Exercise instructions: Give again, exactly as written, the lines of the records below from the line with "これらのファイルは、上述の「詳細表示の設定」で「長さ」の値がない。" to the line with "Rest easy in". Both end lines count; pictures do not.

##### Data provided #####

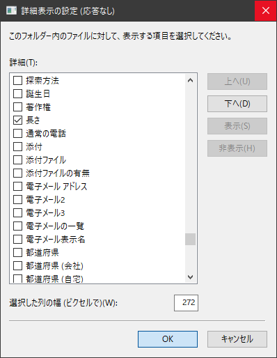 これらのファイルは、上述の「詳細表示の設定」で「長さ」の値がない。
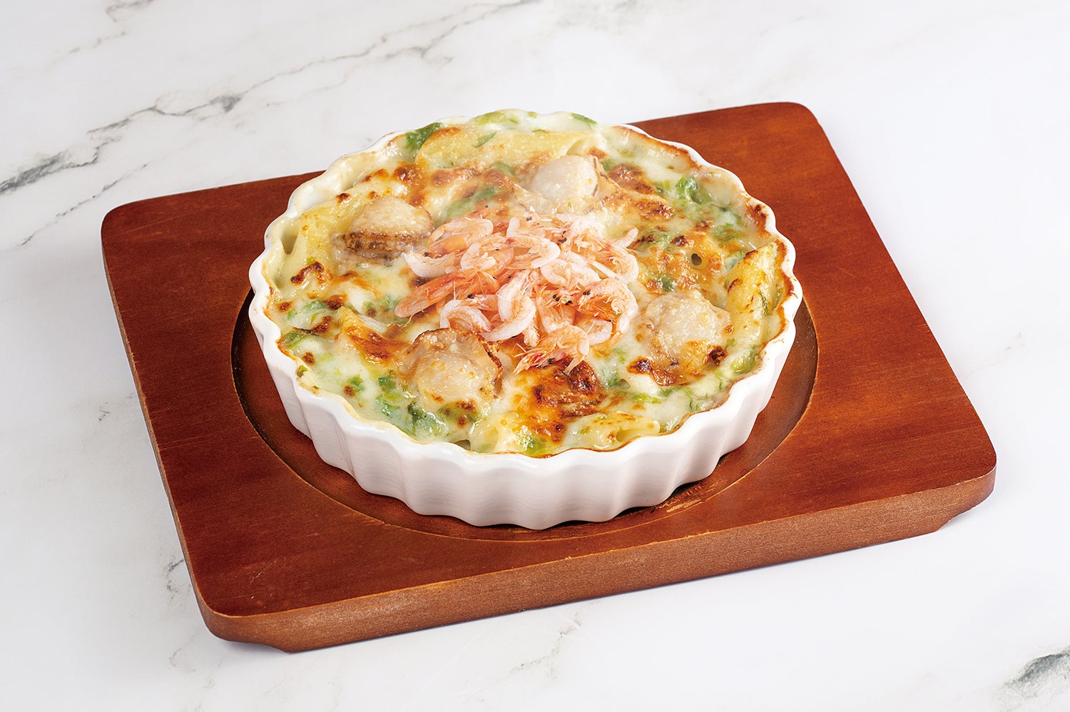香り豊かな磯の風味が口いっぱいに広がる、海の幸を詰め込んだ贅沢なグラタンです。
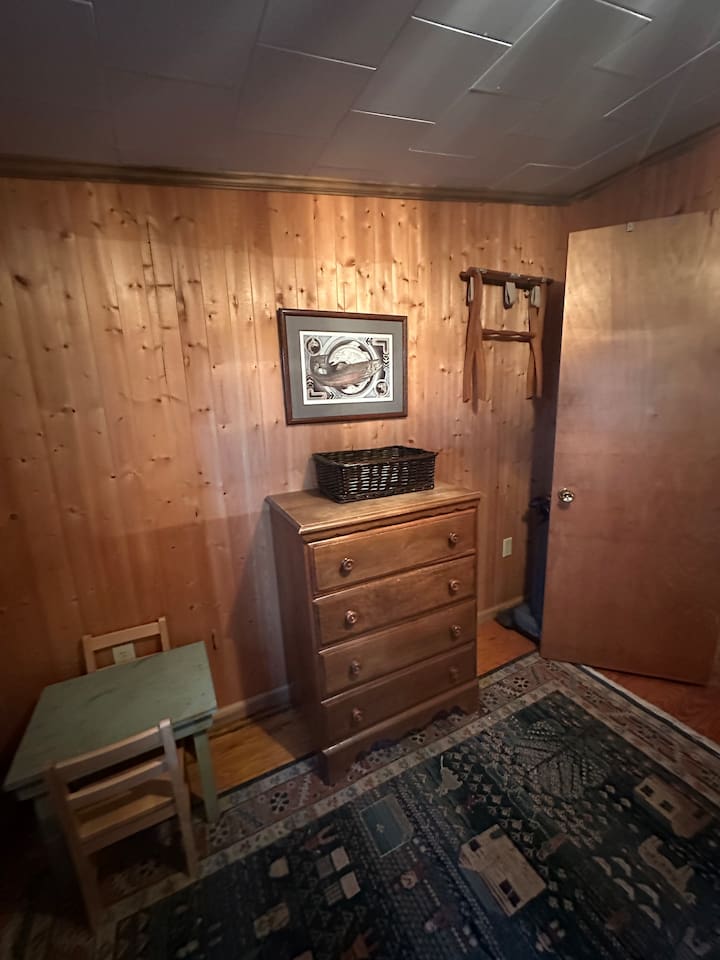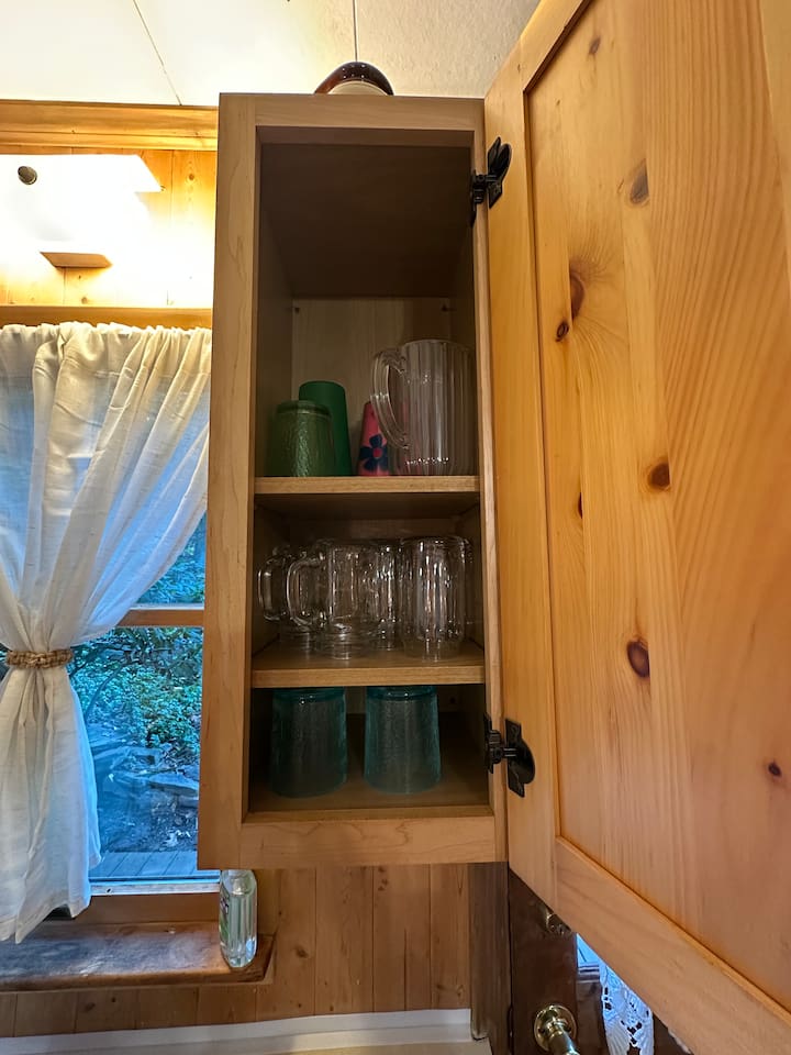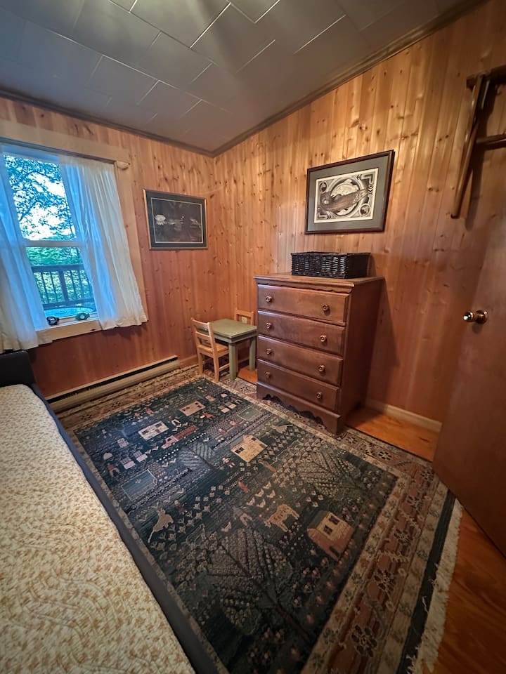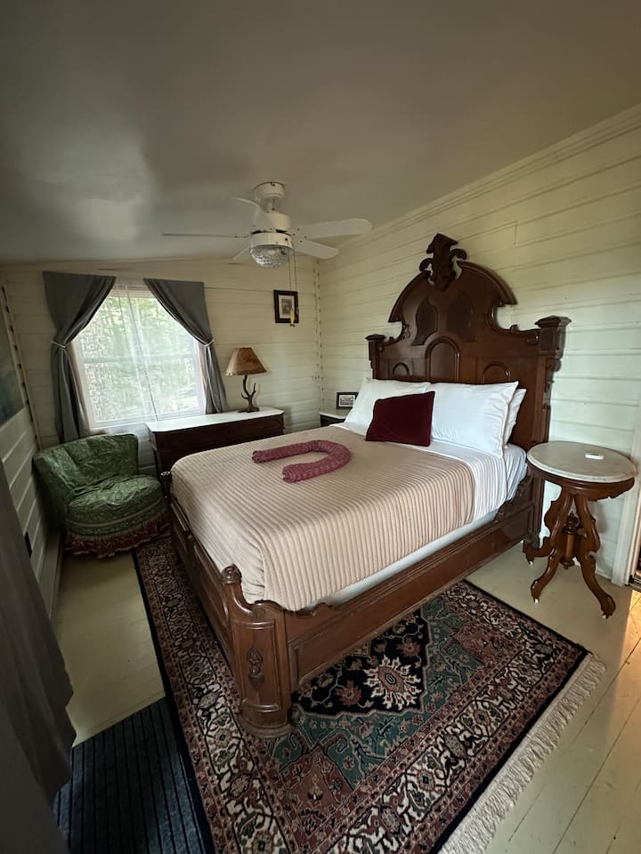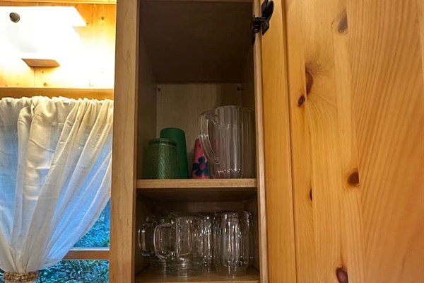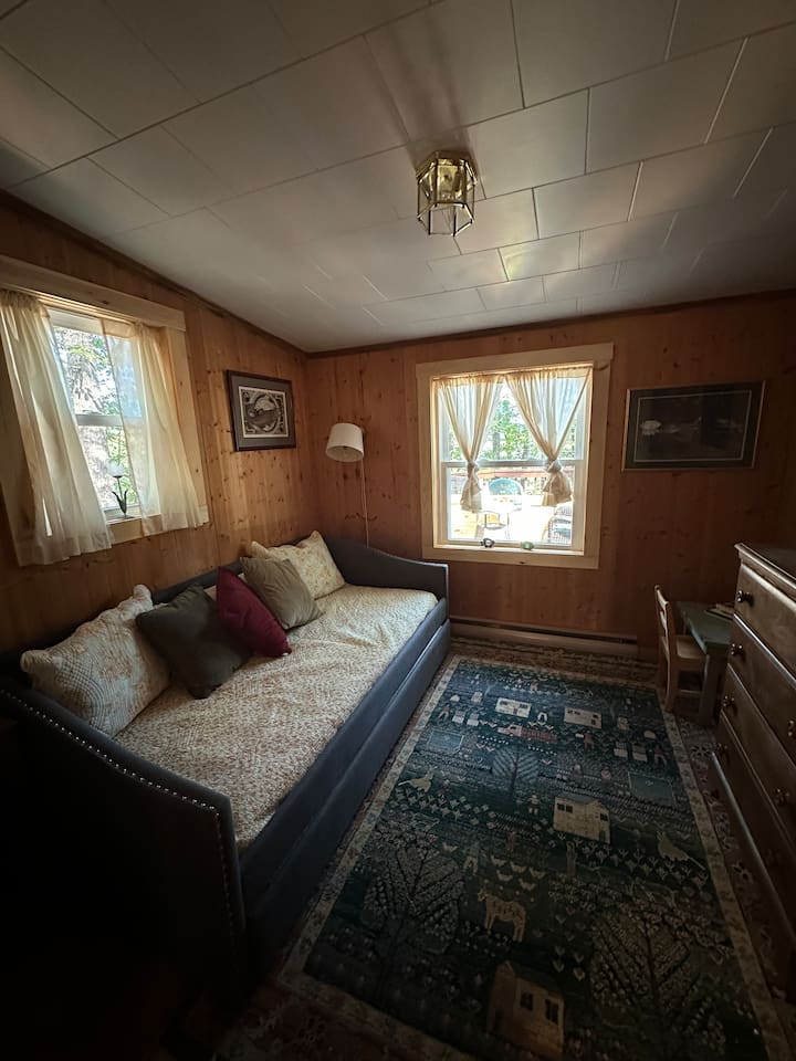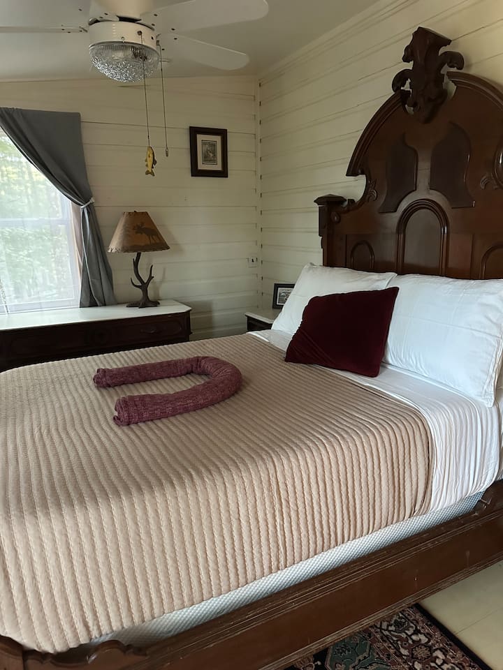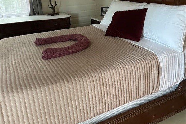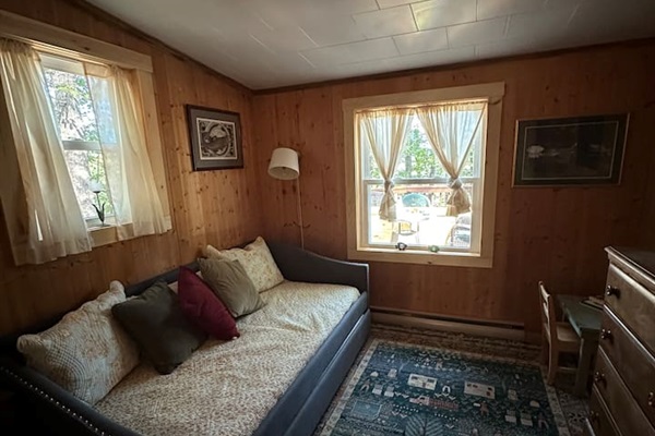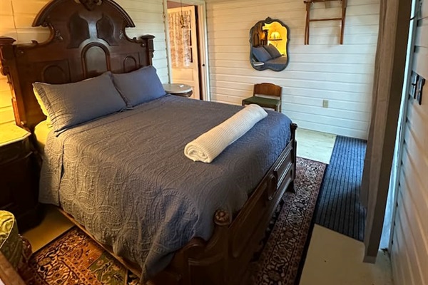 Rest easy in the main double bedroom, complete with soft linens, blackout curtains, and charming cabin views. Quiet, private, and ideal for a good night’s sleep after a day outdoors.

#####
##### Data provided #####

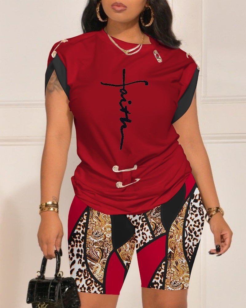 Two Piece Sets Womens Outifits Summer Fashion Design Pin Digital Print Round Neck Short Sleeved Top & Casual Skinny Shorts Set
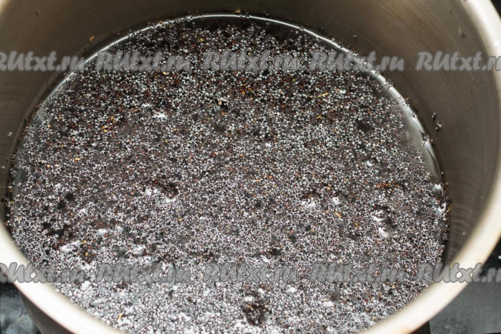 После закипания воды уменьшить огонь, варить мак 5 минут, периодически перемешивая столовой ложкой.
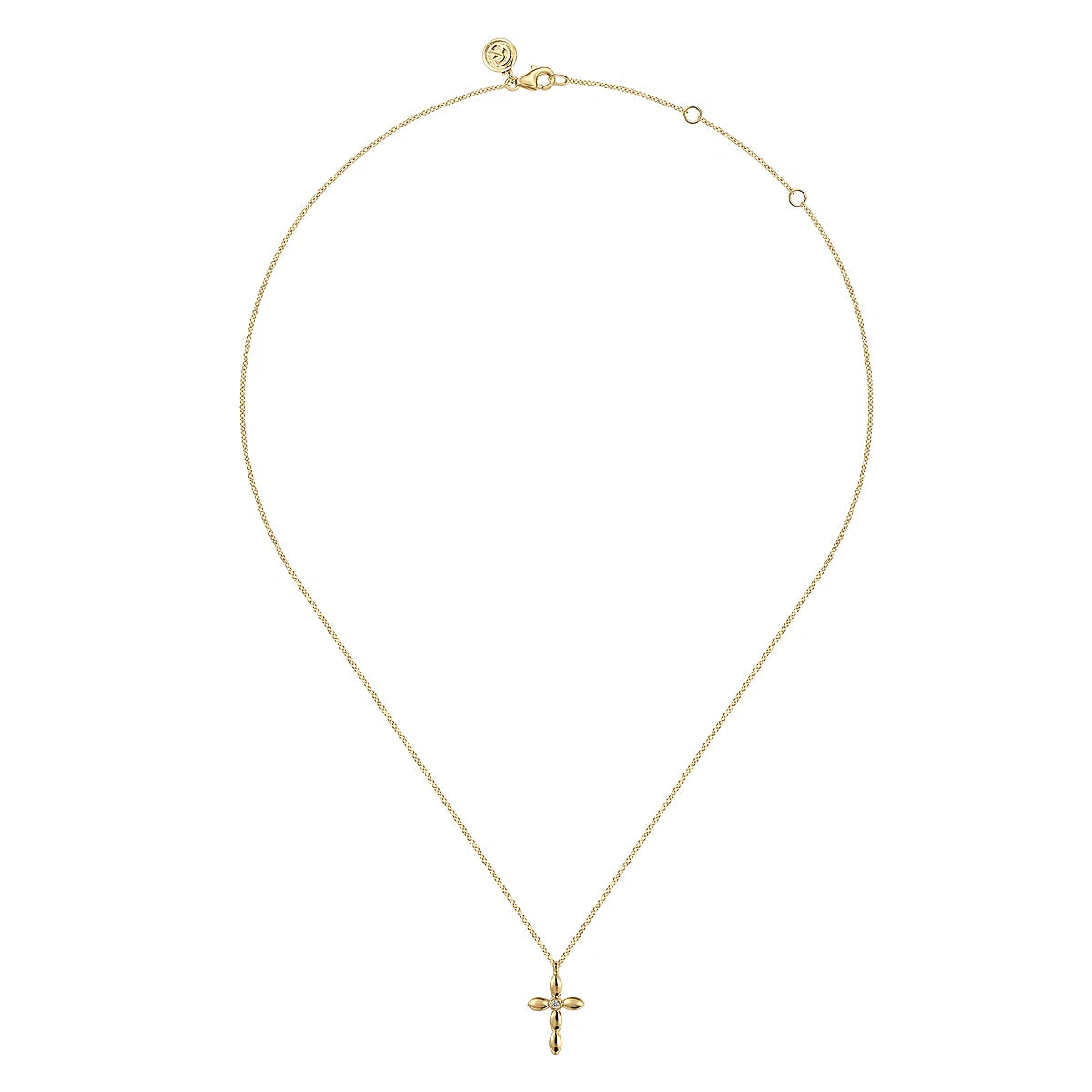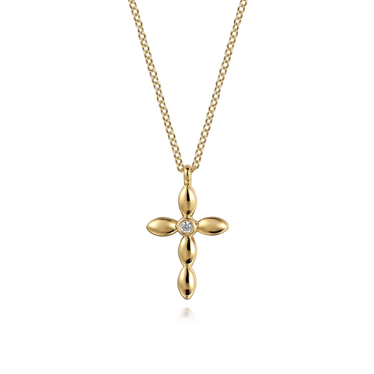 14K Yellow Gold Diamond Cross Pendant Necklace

#####
##### Data provided #####

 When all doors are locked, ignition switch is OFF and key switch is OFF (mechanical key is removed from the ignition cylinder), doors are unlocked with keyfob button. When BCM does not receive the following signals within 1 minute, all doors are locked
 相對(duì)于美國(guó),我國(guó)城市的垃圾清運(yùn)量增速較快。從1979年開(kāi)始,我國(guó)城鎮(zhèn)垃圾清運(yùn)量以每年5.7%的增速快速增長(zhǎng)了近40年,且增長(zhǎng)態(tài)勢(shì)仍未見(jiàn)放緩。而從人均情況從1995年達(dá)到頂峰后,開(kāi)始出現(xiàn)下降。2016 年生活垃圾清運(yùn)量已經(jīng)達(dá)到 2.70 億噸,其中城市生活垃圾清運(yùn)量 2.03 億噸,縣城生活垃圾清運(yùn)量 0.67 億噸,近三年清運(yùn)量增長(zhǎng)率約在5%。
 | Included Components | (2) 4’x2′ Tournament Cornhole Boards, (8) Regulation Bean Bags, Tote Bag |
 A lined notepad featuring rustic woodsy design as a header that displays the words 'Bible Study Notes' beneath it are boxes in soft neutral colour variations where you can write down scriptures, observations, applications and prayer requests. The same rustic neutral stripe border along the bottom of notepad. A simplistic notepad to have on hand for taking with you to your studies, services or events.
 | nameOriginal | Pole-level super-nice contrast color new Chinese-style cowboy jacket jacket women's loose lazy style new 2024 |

#####

Answer:
 これらのファイルは、上述の「詳細表示の設定」で「長さ」の値がない。
香り豊かな磯の風味が口いっぱいに広がる、海の幸を詰め込んだ贅沢なグラタンです。
 Rest easy in the main double bedroom, complete with soft linens, blackout curtains, and charming cabin views. Quiet, private, and ideal for a good night’s sleep after a day outdoors.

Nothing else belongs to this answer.